In this landscape, companies running theatre projects in prisons are facing unprecedent challenges. It’s become increasingly hard to get permission to enter prison and run project; even once inside staffing shortages mean there are often issues getting people into the space to participate; inviting large audiences of imprisoned people to see work made by their peers has become more or less impossible.  [REF proStafford].

The spaces of possibility for prison theatre are narrowing and the cultural practices of the last fifty years seem increasingly impossible in the current economic, ideological, and political context of prisons in England and Wales:

In 1979 a group of incarcerated women get day passes to perform their devised revue show for two nights outside of the prison at a local arts centre (Clean Break, 1979);

In 2003 practitioners running a creative leadership course to equip participants to run their own arts projects in a prison (Rideout, 2003);

In 2012 a company running a five-week daily rehearsal period for glengarry glen ross followed by public performances in prison (Synergy, 2009).

If we fail to document the histories of this work we foreclose the imagined possibilities of prison theatre practice in the future, leaving emerging practitioners reliant on the carceral imaginaries of the State. It may seem like it was never possible to…

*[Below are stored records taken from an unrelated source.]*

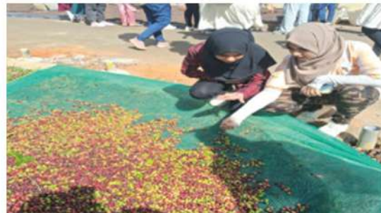
Avt Pasuparai Tea Factory, Kerala.
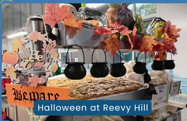
Halloween at Reevy Hill
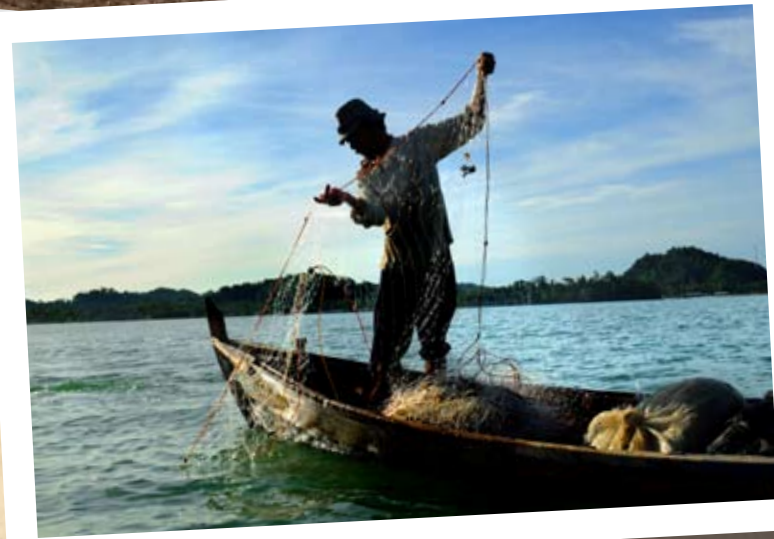
In Indonesia, the tsunami killed more than 160,000 people and left 500,000 homeless. The American Red Cross responded immediately and has carried out more than 80 recovery projects in the region.
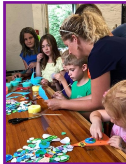
Lakers creating their own boats at the Boating Museum!
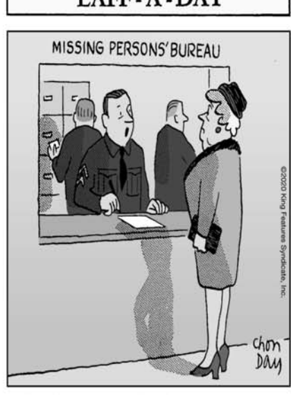
"Is this the same husband who was missing three times last year?"
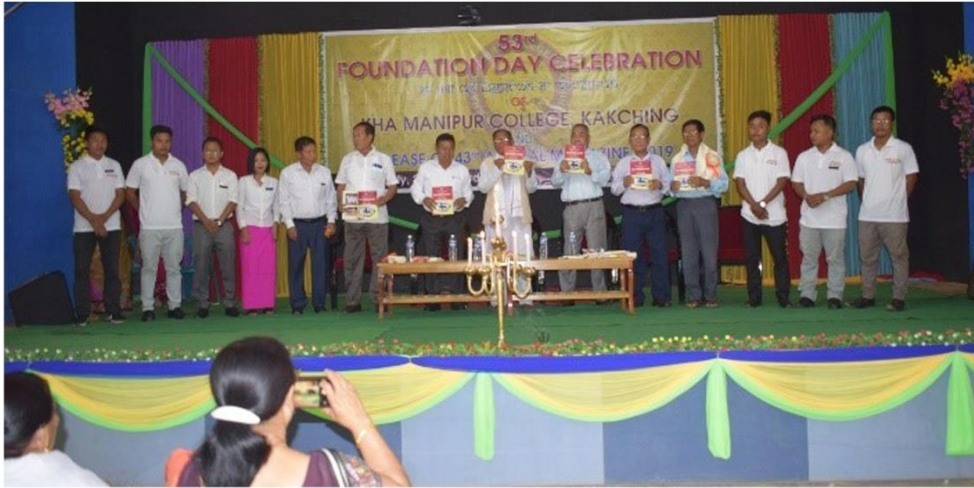
The 53 rd Foundation Day Celebration of Kha Manipur College, Kakching on 27 th July 2019
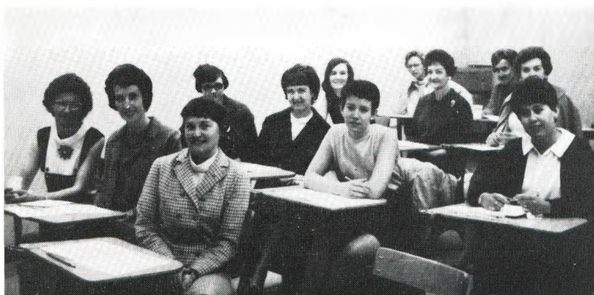
Classroom scene during the Offutt AFB Physiological Training Course taken by Nebraska 99s.
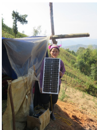
Photo 4: Solar electricity serving production in mountainous province

ADRA Has piloted and implemented successfully a Climate Smart Agriculture and Renewable Energy (CARE) project providing off-grid communities with access to sustainable energy using PV Solar, biogas, pico-hydro, and clean water using sand filters. CARE project is increasing and diversifying income of rural households but also reducing carbon footprint as a result of reduction of wood cutting, forestation and promotion of fuel efficient cook stoves which have resulted to reduce work load, time spend on domestic work and wood collection for women by 70%. The second phase of this project will work with the private sector to develop a market for renewable energy in Cao Bang province and continue to increase and diversify income for farmers by participating in lucrative value chains, and creating more jobs for women and youth entrepreneurs to enable uptake of such technologies by communities in the province.
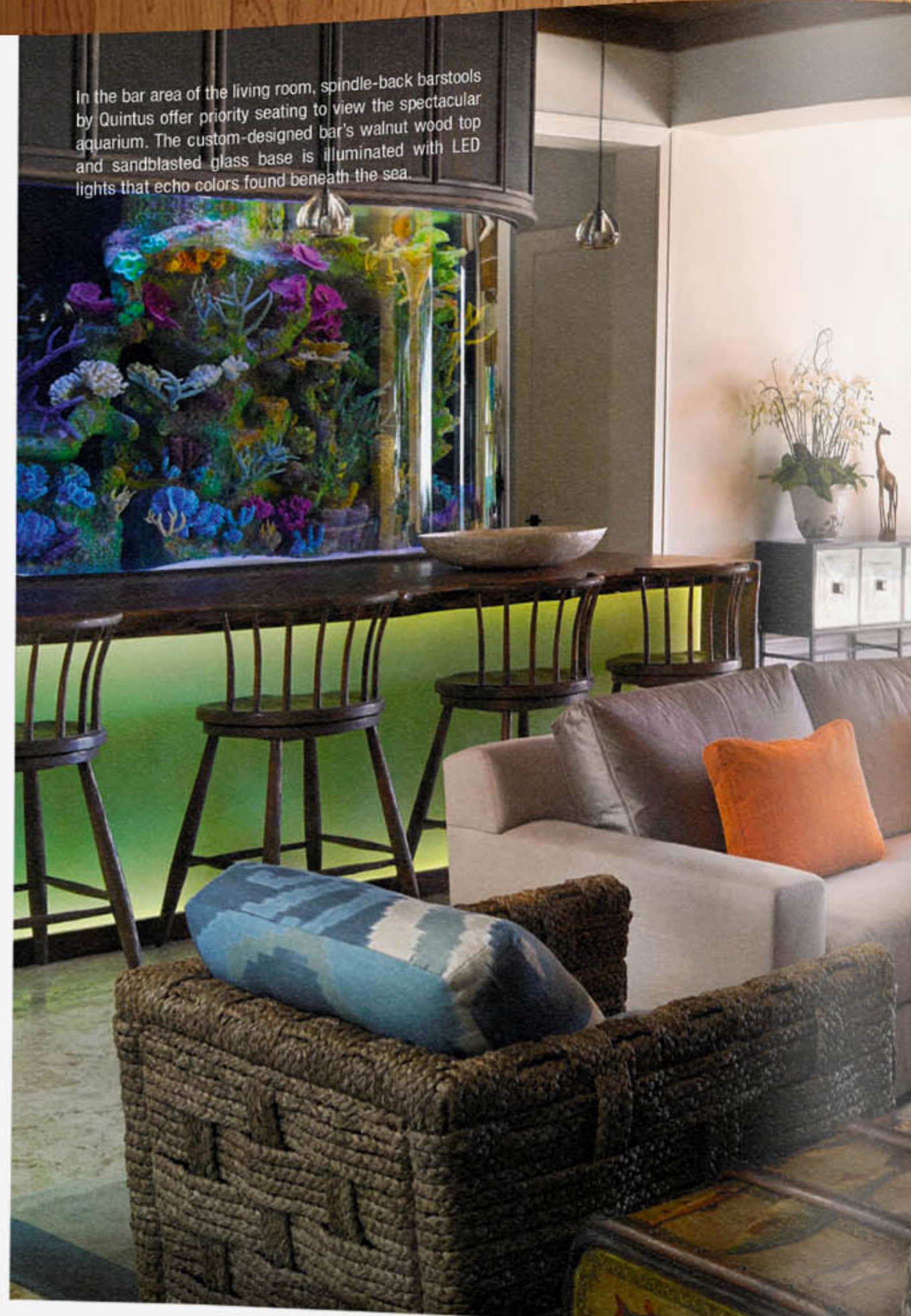
In the bar area of the living room, spindle-back barstools by Quintus offer priority seating to view the spectacular aquarium. The custom-designed bar's walnut wood top and sandblasted glass base is illuminated with LED lights that echo colors found beneath the sea.

In the nearby kitchen, the marine motif continues with a backsplash of floating, 50-million-year-old fossil fish from Eostone that seems apropos for a couple who makes their living as geologists. An oversized center island custom designed by UMI is topped with a natural blue and white stone, which resembles an aerial view nautical map of Florida and the Bahamas. Traditional elegance is found in Ruffino's cabinetry crafted with a mix of washed oak and dark walnut — organic woods that pull warmth into the space. Eclectic style emanates from every corner of the living room. The designer started simply with a soft, light-gray linen sectional sofa from Christian Liaigre,
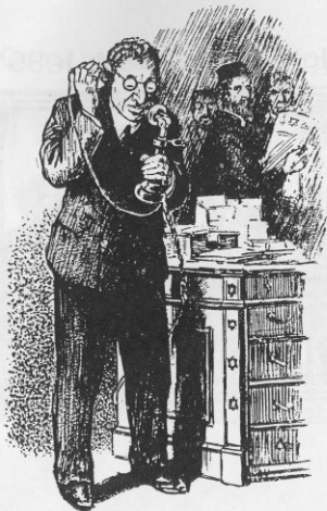
"Is that the General News Office? Well, I want some of your best boyth to dithcover Nazi plots".
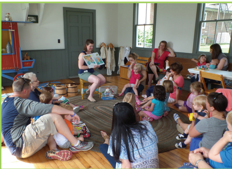
Cheddar the Mouse shares stories and artifacts with little historians

History comes to life at the Village with radio shows, tours, café chats, and more!
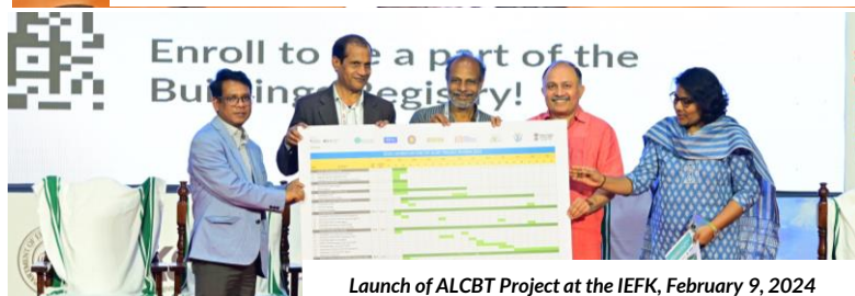
Launch of ALCBT Project at the IEFK, February 9, 2024
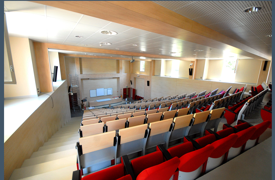
Aula Magna – Faculty of Medicine «Maurizio Ascoli»

UNIPA is also present in three other cities in Sicily, apart Palermo: Agrigento, Caltanissetta e Trapani . There is a closed link between UNIPA and the labor market: 3rd students of 1st cycle degree courses and 2nd year students of the 2nd cycle experience practice periods within public or private companies and agencies.

So we’re fifty years on from Stirabout and prison theatre has been through a lot. We are at an exciting time for the preservation of this practice. Over the past five years, some organisations have begun the process of capturing their histories. Clean Break Theatre opened their archive at Bishopsgate Library in London in 2021; TiPP in Manchester have created a partial digital archive of their 33 years of practice; to celebrate their 20th birthday, Open Clasp in Newcastle did a collaborative archive project with women engaged in their work, the Collection is now held at Newcastle University.

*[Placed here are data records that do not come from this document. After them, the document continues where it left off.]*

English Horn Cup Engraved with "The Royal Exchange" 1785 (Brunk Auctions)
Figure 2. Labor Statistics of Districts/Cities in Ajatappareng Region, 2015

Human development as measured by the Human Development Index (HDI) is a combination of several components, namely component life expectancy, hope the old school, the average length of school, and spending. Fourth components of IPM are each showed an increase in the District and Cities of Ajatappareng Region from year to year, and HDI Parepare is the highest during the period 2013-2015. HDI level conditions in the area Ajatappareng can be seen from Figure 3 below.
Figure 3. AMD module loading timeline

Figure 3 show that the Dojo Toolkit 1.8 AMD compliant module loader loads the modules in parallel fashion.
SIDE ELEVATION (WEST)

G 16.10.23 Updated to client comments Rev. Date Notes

There is an increasingly urgent need for the field to document the histories of organisations and practitioners in order to provide space for alternative narratives from people who come into contact with the criminal legal system and refuse the reductive and singular ways in which their experiences are recorded by the State. Further, such documentation is vital to challenging the increasing degradation of the educational, relational and cultural lives of people who are incarcerated in England and Wales. We hope that the work here at Bristol Theatre Collection will contribute to a wider learning around documenting and sharing the diverse histories of prison theatre practice.